* Given material
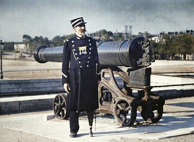 Vojnik u uniformi i tri medalje na prsima stoji kod topa. Fotografija je snimljena u Parizu 1918. godine. Njegova noga, kao što vidite, zamijenjena je umjetnim udom.
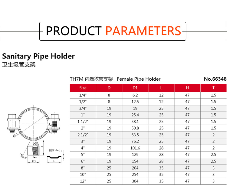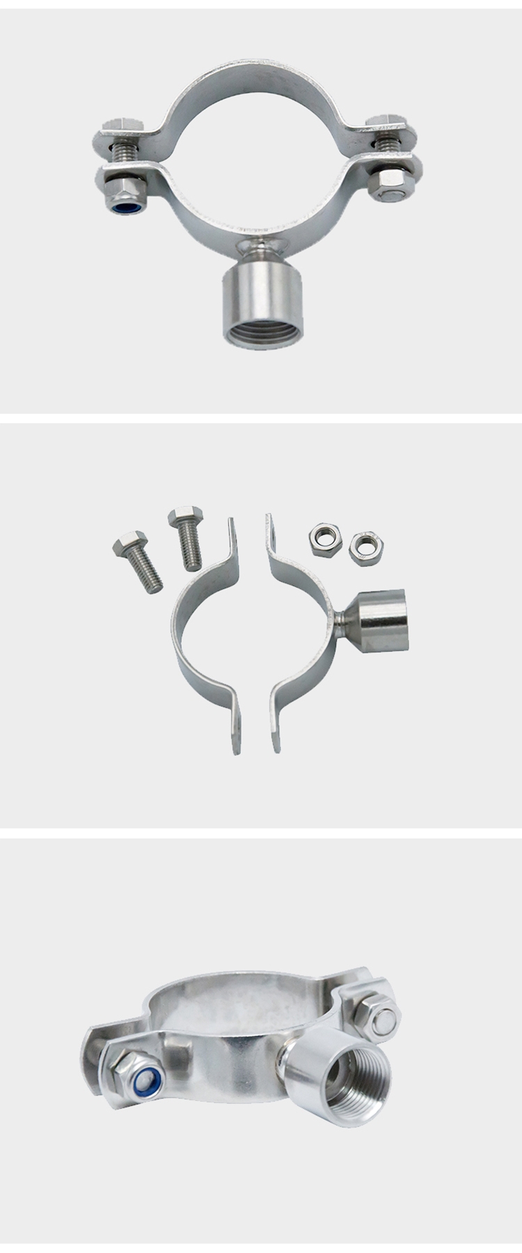 Products Name:YOULI Sanitary Pipe Fittings Ube Hex Pipe Holder Stainless Steel 304 With Short Handle Bar H2M M10 Female Thread Round Pipe Holder
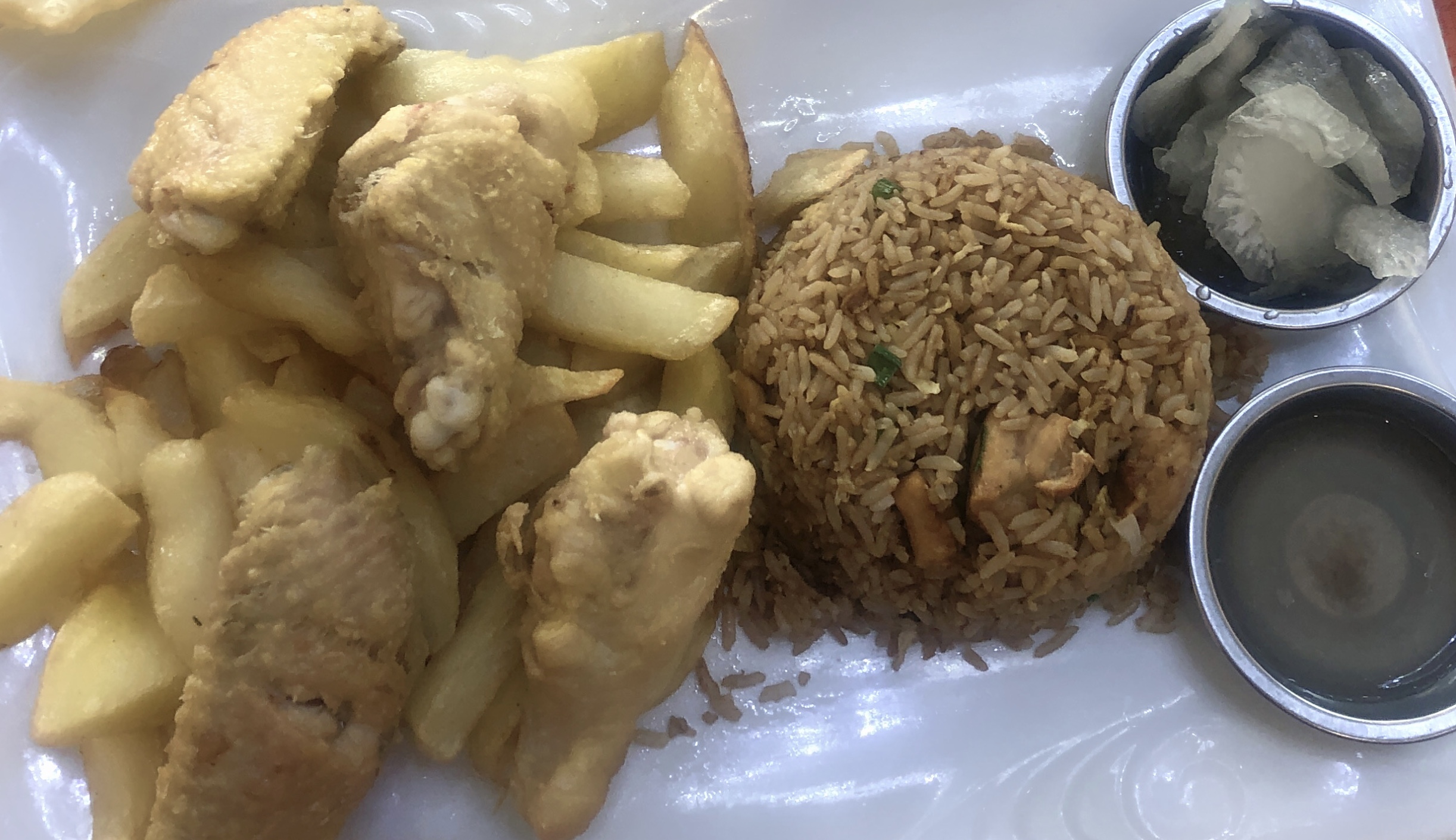 Arroz chaufa, papas fritas, cortes de pollo, cebolla y tomate salteado.

* Work required
Output the data exactly as it is, with the pictures dropped.

* Result of this exercise
 Vojnik u uniformi i tri medalje na prsima stoji kod topa. Fotografija je snimljena u Parizu 1918. godine. Njegova noga, kao što vidite, zamijenjena je umjetnim udom.
 Products Name:YOULI Sanitary Pipe Fittings Ube Hex Pipe Holder Stainless Steel 304 With Short Handle Bar H2M M10 Female Thread Round Pipe Holder
 Arroz chaufa, papas fritas, cortes de pollo, cebolla y tomate salteado.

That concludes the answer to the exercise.